The input of PID module is the control signal of the error signal e 1 of error calculating module output, mode control module output PI_ctrl and assignment V_PIO, when dynamic mode, PID module is closed, and dynamic mode is switched to first of normal mode of operation When switch periods, initial value V is assigned to PID module arithmetic first_PIO, then carry out PID arithmetic and obtain compensation result V_PIIt exports to mode Control module and PWM module, each period of normal mode of operation is into PID arithmetic, compensation result V later_PIIt exports and gives mode control Molding block and PWM module；

The input of mode control module is respectively the mode decision result mode_F of voltage monitoring module output, switch periods The switch periods T of the output of computing module_S=T_S(n+1) and the compensation result V of PID module_PI；When voltage monitoring module exports When mode_F=1 is dynamic mode, mode control module closes PID module, control PWM by output control signal PI_ctrl The switch periods T of the dynamic mode of module reception pattern control module output_S(n+1) with duty ratio D_HTLOr peak point current, PWM Module is at this time according to the switch periods T of dynamic mode_S(n+1) with duty ratio D_HTLOr peak current level generates duty ratio waveform； When mode control module is in first switch periods for jumping out dynamic mode and entering normal mode of operation, mode control module according to The period size T of switch periods computing module at this time_S(n+1) size for obtaining corresponding output loading, by controlling signal PI_ Ctrl opens PID module and before PID is calculated by present sample result assignment V_PIO, V_PIOIn stable state after changing for load When load the output valve of corresponding PID module, PID module carries out PID arithmetic according to the output error e1 of error module after assignment, PID arithmetic result V_PIFeed back to the model selection and control in mode control module progress normal mode of operation；Work as scheme control Module jump out dynamic mode enter normal mode of operation second switch periods and after, PI_ctrl open PID module Operation is carried out, PID module carries out PID arithmetic, operation result V according to the output error e1 of error module_PIFeed back to scheme control Module carries out the model selection and control in normal mode of operation, and in normal mode of operation, PWM module receives PID output Compensation result V_PIThe control model of the normal mode of operation provided with mode control module, the control model are denoted as mode_ctrl, Switch periods and duty ratio/current information are obtained by calculation, PWM module is produced according to the switch periods and duty cycle signals at this time Raw duty ratio waveform；

PWM module includes PWM unit and driving unit, and the input of PWM unit is the PI_ of mode control module output Ctrl controls the switch periods T of signal, dynamic mode_S(n+1) with duty ratio D_HTLOr peak point current Ip, mode control module exist The compensation result V of control model result mode_ctrl and PID module when normal mode of operation_PI；Pass through PID module for compensating As a result V_PINormal control is calculated in the control model mode_ctrl signal of the normal mode of operation provided with mode control module When switch periods and duty ratio information duty is exported by driving unit after obtaining period and duty ratio/peak current information Than waveform, loop control is realized to the grid of switch power supply power tube；Then the output voltage of Switching Power Supply is adopted again Sample, and repeat the above process and carry out turning on and off for loop control switch power pipe, so that system is more stable, thus Obtain higher dynamic response.
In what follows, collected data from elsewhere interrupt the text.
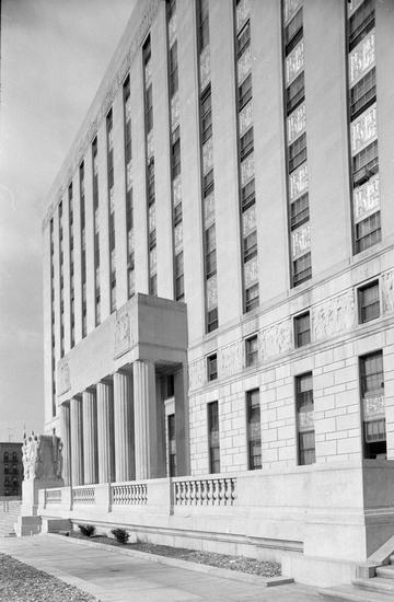 [The Bronx County Building, 851 Grand Concourse. Detail of façade.]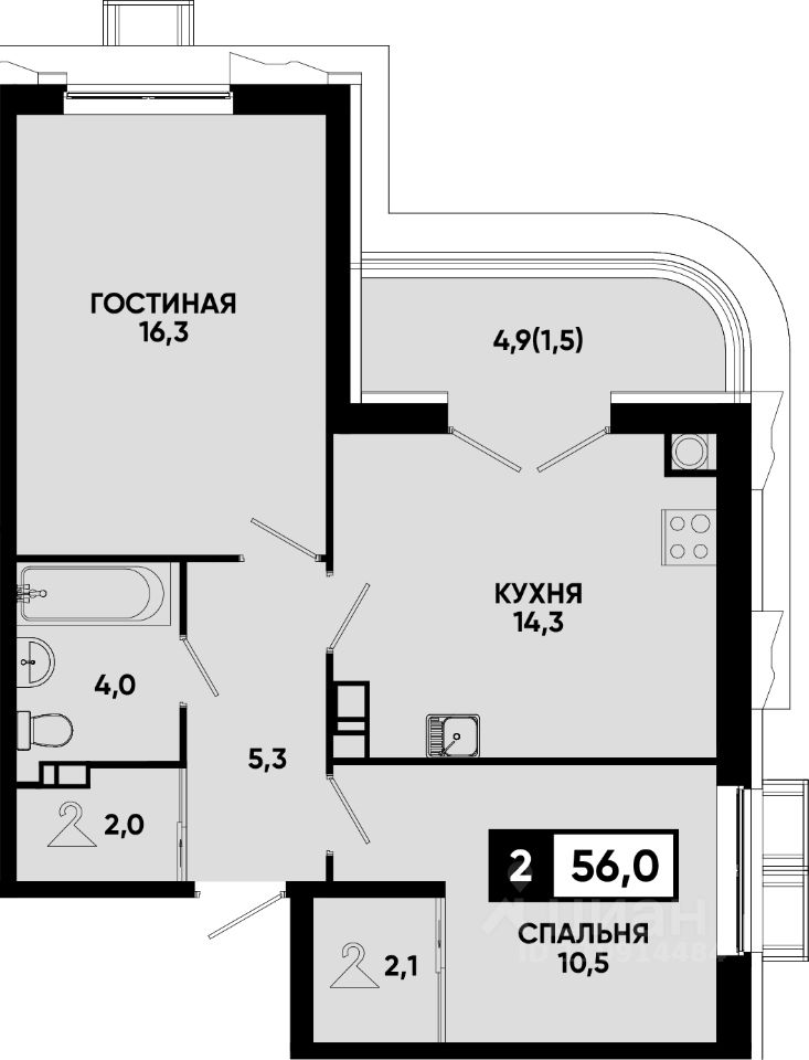 Площадь кухни14,3 м²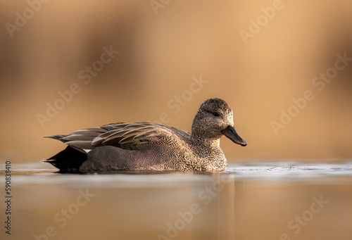 Wall mural : Gadwall bird ( mareca strepera ) close up - male
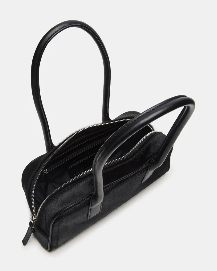 - Rymmer mer än det nödvändigaste, inklusive en telefon, en plånbok i full storlek, hörlurar, en sminkpåse och solglasögon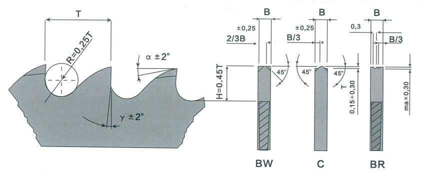 圓鋸片按照下列標準角度的要求制造 | HSS-DMo5 HSS-Co5 Y=18±2o y=12o±2o A=10o±2o a=8o±2o |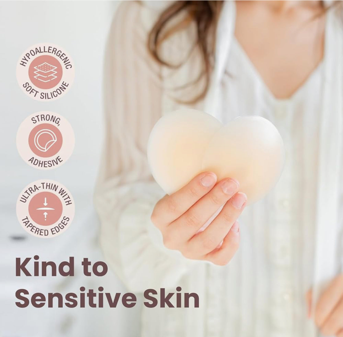 Ditch the discomfort of bras with these silicone nipple covers. Designed to smooth and conceal, they let you rock backless dresses, sheer tops, or swimsuits with confidence. Their strong adhesive keeps them firmly in place for up to 12 hours, no matter how intense your day or night gets. Lightweight and virtually invisible, they fit all cup sizes so you’ll forget you’re even wearing them. Easy to care for—just hand wash and air dry—these covers are your secret weapon for fearless, bra-free style.

Work as V_oThan upper limit voltage V_omaxWhen big, logic unit output mode_F=1 enters dynamic mode, and dynamic mode refers to When heavy duty is cut at light load, and sampled voltage Vo increases very big, make sampled voltage V by inputting low power method to system_o Burning voltage is returned quickly to, as sampled voltage V_oDrop to reference voltage V_refAfter jump out dynamic mode, into normal mode, The initial state of normal mode is given by mode control module；

If sampled voltage V_oVariation less, is not necessarily to dynamic mode, real by normal PID control method and scheme control Existing loop control, referred to as normal mode of operation.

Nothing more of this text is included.